Ashley’s reaction to the ritual brought on a more determined and willing Covington to search their family history and see if anyone was once a snake handler. The southerners’ beliefs about snake handling were questionable and troubling. They quoted the Bible word for word, but they also took it for the face value and did not look for God’s hidden meanings. For instance, they believed that speaking in tongues, anointing one another with oil, drinking poison, handling fire, and taking up poisonous snakes were all things that God intended for everyone to do. Brother Carl stated that “The Bible says you’re gonna suffer for your faith” (134), meaning if the Bible says to handle a snake and you get bit as a result, it’s just part of your faith. Does this mean dying is part of your faith?
When a rattlesnake bit Mrs. Craig she was asked if she wanted a doctor, “anything for ease” (149) was her reply to the question. As a result someone in the church felt that she would lose her faith if she called the doctor. The people of the church of Jesus With Signs Following believed that if you were in and of the word enough, you would suffer from a snakebite and risk dying to prove your faith. Throughout Covington’s spiritual journey and the religious beliefs of the southerners, Salvation on Sand Mountain leaves me wondering why people are like this. Snake handling among many other southern beliefs are what drive northerners to have a narrow-minded view of people that live in the south. In reality, we southerners give ourselves a bad name.
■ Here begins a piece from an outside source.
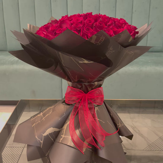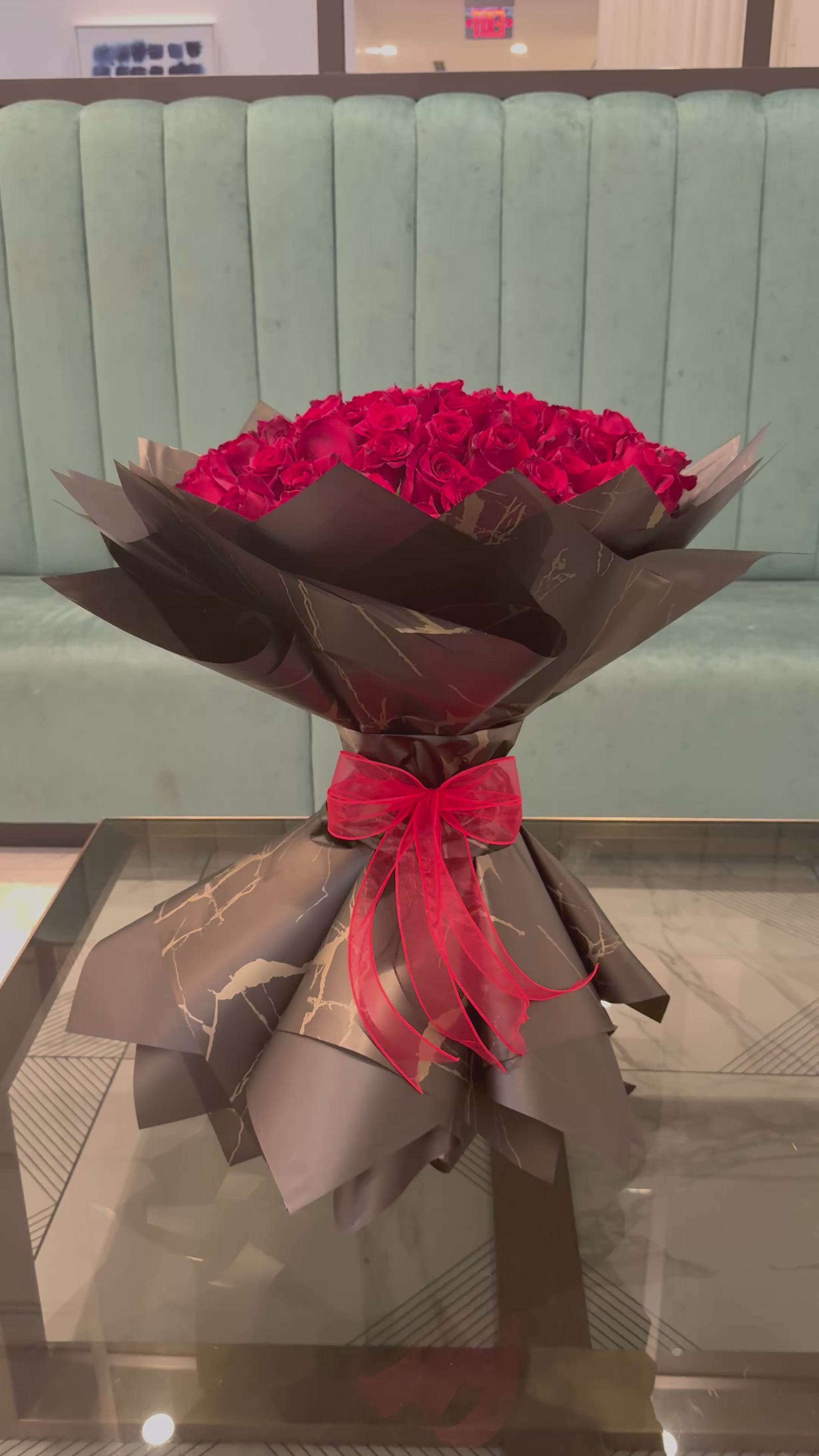 This stunning round bouquet of 75 fresh red roses features rich, deep red blooms arranged in a perfectly compact and harmonious design. The bouquet is wrapped in luxurious black paper with subtle gold marble accents, creating a sophisticated contrast that highlights the intensity of the roses. Finished with a delicate red organza ribbon, this bouquet is a timeless expression of love, passion, and elegance—perfect for unforgettable moments.

For example, “Old Jesus Onlys, freaks, and Holy Rollers” (25) are some of the names outsiders called the members of Jesus With Signs Following. However, the people of the church did not let ridicule stop them from doing what they thought the Lord intended for them to do. I believe that we shouldn’t judge the ones that have faith in these certain beliefs. We should just worry about our religion and our beliefs and how we know and trust God.